Now, we’re moving into ‘edge AI’ where what’s taking place on ‘the edge’ is no longer just computing. In the next few years to come, AI will increasingly be brought to the source of data, unlocking new applications that require optimal speed and intelligence. By 2025, according to Seagate, “44% of data created in the core and edge will be driven by analytics, artificial intelligence, and deep learning, and by an increasing number of IoT devices feeding data to the enterprise edge.”

So, what is edge AI, what are the opportunities and challenges in running AI on edge devices, and how can developers and enterprises use it to deploy deep learning-based solutions on the edge?

What is Considered the Edge?

Like AI, IoT, and cloud, ‘edge’ is a term that’s being thrown around a lot these days. But what exactly does it mean? Gartner defines edge as “the physical location where things and people connect with the networked, digital world.”

Gartner defines edge as “the physical location where things and people connect with the networked, digital world.”

Therefore, to expand the term a bit, edge computing means computing that’s done at or near the source of the data. Instead of relying on ‘the cloud’ at one of several data centers, edge computing moves the computing and storage resources to local places where data is produced or consumed. This removes reliance on internet connection and significantly reduces latency and bandwidth usage.

Recorded Webinar

How to Optimize Latency for Edge AI Deployments

What is Edge AI?

Running deep learning (DL) models requires heavy computing power which limits the majority of processes to the cloud. By bringing AI computing to edge devices, ‘edge AI’ enables you to process deep learning algorithms locally, either on the device that people use or on the server near it.
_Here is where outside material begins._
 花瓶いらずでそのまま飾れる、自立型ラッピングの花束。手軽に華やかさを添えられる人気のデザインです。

Also called ‘on-device AI’, edge AI is a distributed computing paradigm that doesn’t require data to be sent over the network for it to be processed on the cloud. The algorithms can utilize the data generated by the device as well as its computing power, enabling it to handle computations, run inference, and make independent decisions in near real-time. This is crucial because more and more edge AI use cases, such as autonomous cars and industrial robots, demand high-speed processing with minimal latency while maintaining high accuracy.
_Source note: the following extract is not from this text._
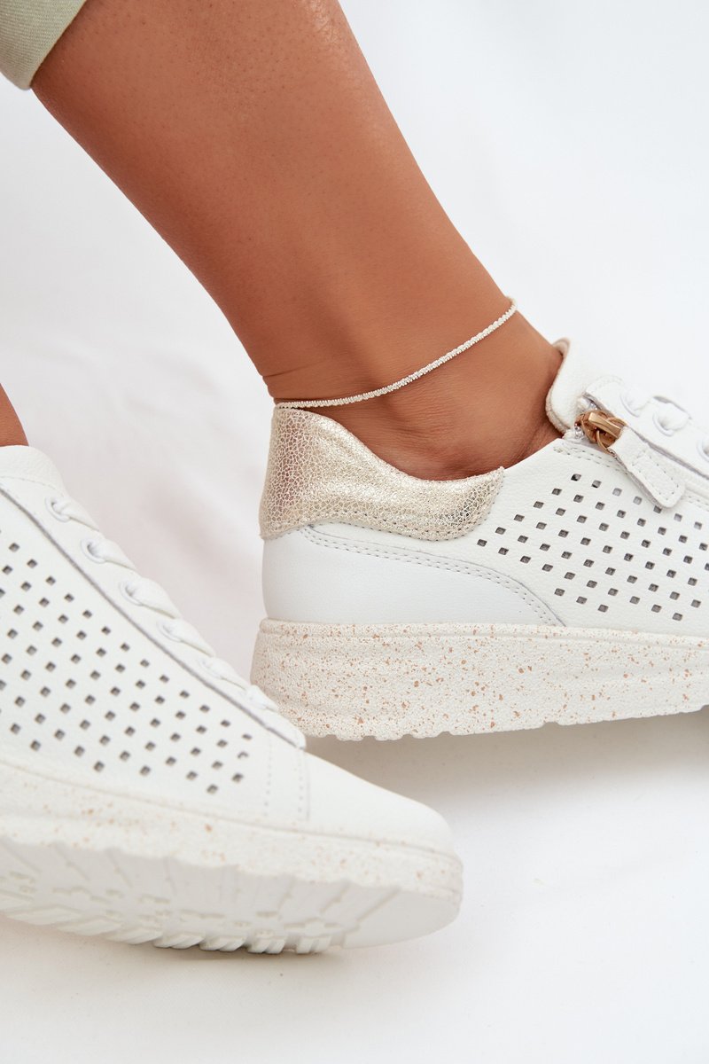 Batai moteriški iš natūralios odos su užtrauktuku balta-auksinė Kalorinne

Put simply, Gartner’s edge AI market definition “is a class of analytical and inferencing techniques deployed in endpoint devices and their associated gateways and local servers. Edge AI systems can reduce latency, reduce data transport consumption, and improve local processing capabilities.”

A related field to edge AI is Tiny Machine Learning, also known as TinyML, which facilitates machine learning inference on smaller, performance and power-constrained devices and embedded systems. Successful deployment in this field can broaden the reach of ML and unlock new applications just like edge AI.
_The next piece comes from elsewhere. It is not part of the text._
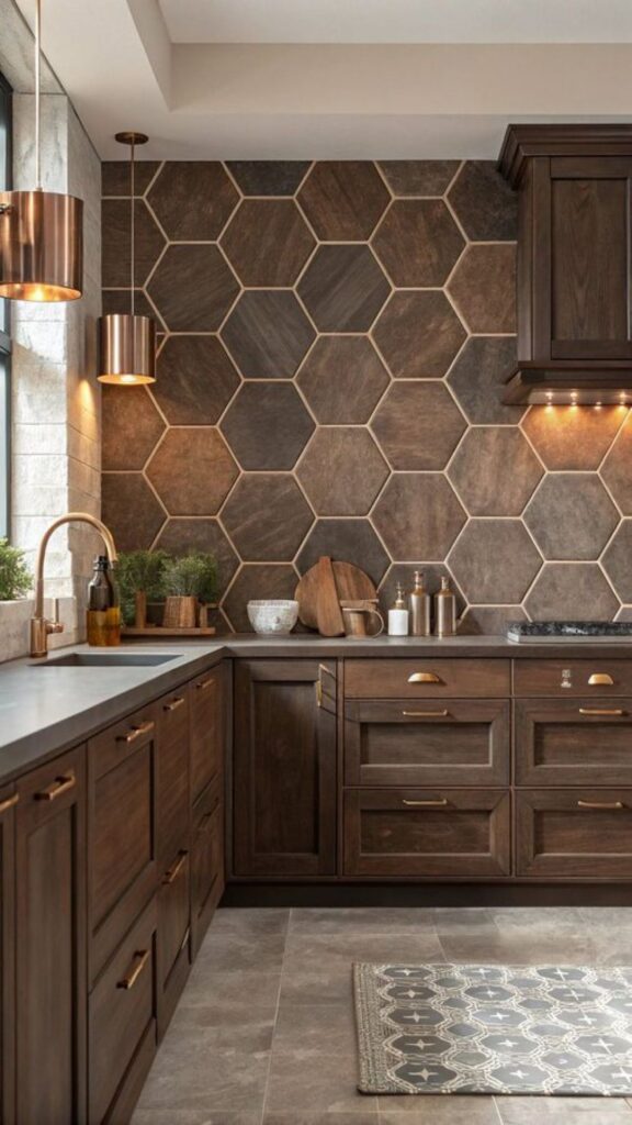 This kitchen is welcoming and modern. It combines natural textures and warm colors. Dark wood cabinets and bronze-colored handles make the space feel rich. The kitchen wall has large hexagonal tiles that make the design look more geometric. The tiles also have a natural stone texture that gives the room a rustic feel. The kitchen has copper-colored chandeliers and faucets that make it look warm and elegant. This kitchen is a great example of a modern and attractive design that uses natural materials.

Evolution of Edge Computing

“By 2025, more than 50% of all data analysis by deep neural networks will occur at the point of capture in an edge system, up from less than 5% in 2020,”

The evolution of edge computing can be divided into three simple stages:

Centralized Cloud Computing

In the initial stage, data generated by devices was predominantly sent to and processed in centralized data centers or cloud infrastructures. This approach, while enabling significant data storage and processing capabilities, faced challenges such as high latency and bandwidth constraints due to the reliance on remote servers.

Emergence of Edge Processing

As technology advanced, there was a shift towards processing data locally on devices or nearby edge servers. This development was driven by the need to reduce latency, conserve bandwidth, and enhance data privacy. Edge processing enabled real-time or near-real-time data analysis and decision-making directly at the source of data generation.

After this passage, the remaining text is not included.